No New Animals
I didn't attend a livestock auction this week, which means no new puppies or yak. That said progress was made with the group we have.
Gorden (the white-faced puppy) introduced himself to the yak heard.....again. He is braver and gets closer to the yak as he "speaks" with them. He doesn't seem to care that Mac the Yak outweighs him by eleven hundred pounds.
Goose (black-faced puppy) might be a little smarter than his littermate. Goose has no problem with letting Gorden start trouble with the yaks. While Gorden is talking to the yaks face-to-face, Goose sneaks around from the back. Goose quickly gets out of there when "all hell breaks loose". Is that "construction language"? It doesn't appear out of cowardice, more like just smart.

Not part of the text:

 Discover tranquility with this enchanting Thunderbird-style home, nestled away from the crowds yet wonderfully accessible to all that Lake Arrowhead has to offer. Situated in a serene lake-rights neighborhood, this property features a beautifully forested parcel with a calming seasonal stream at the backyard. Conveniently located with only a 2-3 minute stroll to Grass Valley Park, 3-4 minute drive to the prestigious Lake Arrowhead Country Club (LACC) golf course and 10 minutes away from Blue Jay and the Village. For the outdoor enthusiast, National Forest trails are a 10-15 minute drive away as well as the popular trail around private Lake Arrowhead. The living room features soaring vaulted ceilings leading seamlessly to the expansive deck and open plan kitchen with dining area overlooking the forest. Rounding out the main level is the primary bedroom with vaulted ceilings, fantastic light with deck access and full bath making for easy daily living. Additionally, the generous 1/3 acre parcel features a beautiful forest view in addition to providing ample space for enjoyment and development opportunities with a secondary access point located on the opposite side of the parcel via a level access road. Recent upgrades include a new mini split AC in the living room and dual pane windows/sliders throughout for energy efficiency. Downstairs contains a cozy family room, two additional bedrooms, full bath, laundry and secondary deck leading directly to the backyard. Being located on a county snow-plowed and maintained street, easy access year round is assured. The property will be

The twins, Ivy and Elaine settled on names for the newest yaks. I'm sure you remember the new yaks are a cow/calf pair. In keeping with a culinary theme, they have named the cow Wendy and the calf Small Fries. I am curious why the culinary theme, no one in the family ever mentions how tasty they could be. They do speak of how soft their hair is and what great yarn could be made.

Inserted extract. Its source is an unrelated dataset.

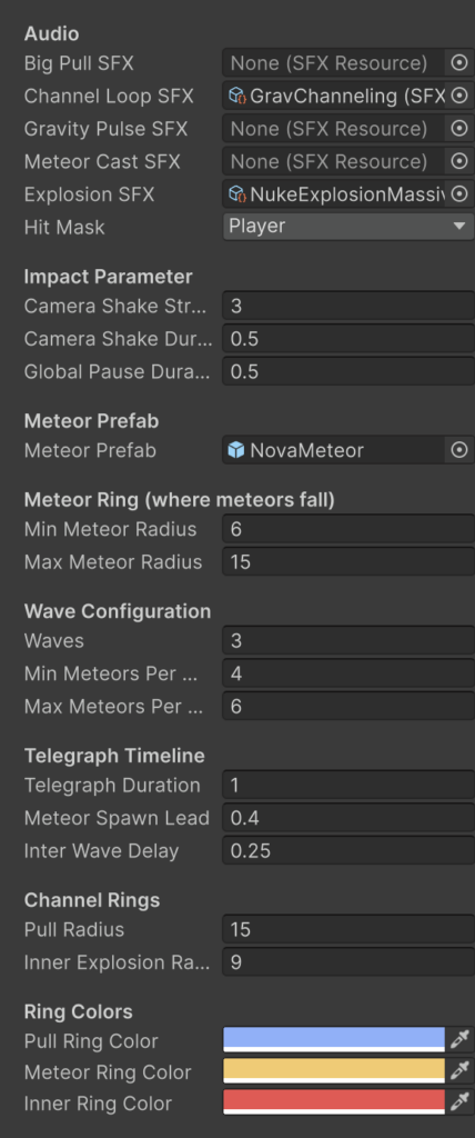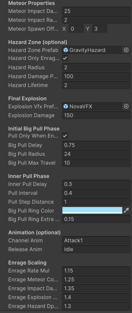 - Step2: 大きいと小さいテレグラフ2個召喚して, 詠唱開始, 特殊道具を一定範囲内で一定数で一定頻度で召喚, 大きい輪内に居る対象を小さいステップで引き寄せ続ける

Did I mention I had a dental appointment this past week? My mother would be so proud. I can still hear passing on advice, "Take care of your teeth." She sent her sons to the dentist with regularity when we were kids. Speaking for myself, I'll tell you I hated her for it.
I would rather storm the beach in Normandy than go to the dentist. I have never had a good time at the dentist. Mom sent us to a dentist who lived on my paper route. I shouldn't speak ill of the man, but I'm sure he has passed. If he hasn't passed get me his address and I will see if I could help him with that. Not that it matters now but the guy never tipped me, not even at Christmas. Oh, you remember things like that.

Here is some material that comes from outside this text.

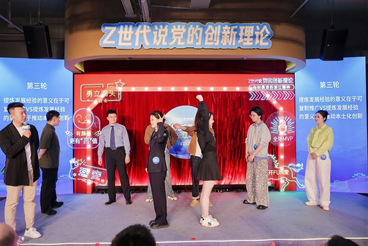 4月10日,“Z世代说党的创新理论——与时俱进的浙江精神”专题宣讲抢麦活动在瑞安举行,晋级PK脱颖而出的15位宣讲员,上演了一场巅峰对决。青年是如何为理论“代言”的?开放麦宣讲又是如何整活让理论活起来的?抢麦、辩论、热点评述,宣讲员来了一场理论版的“极限挑战”。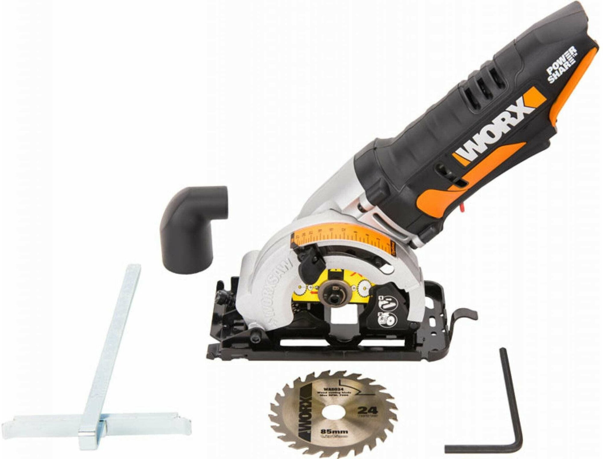 Blade diameter: 85 mm, cutting depth 90°: 27 mm, power type: battery, battery voltage: 20 V, design features: mini saw

I have no proof of what I'm about to say, but this is my story and I'm sticking to it. This dentist filled cavities whether you had one or not. Before you get all fired up, I'll provide evidence in a minute. No matter how much you brushed or flossed if you had an appointment you had a cavity.
A few months before I got married (to Elaine) Mom gave me the old advice, "Take care of your teeth." She made an appointment and sure enough, one cavity. I didn't make an appointment to have it filled.
After I got married Mom didn't let up. "Take care of your teeth." Elaine suggested I schedule an appointment with her dentist. Reluctantly, I scheduled an appointment knowing I had a cavity I had not dealt with. At Elaine's dentist, I had no cavities, none, nada. Not even the one I had neglected. And to top it off that (construction language) never tipped me at Christmas time.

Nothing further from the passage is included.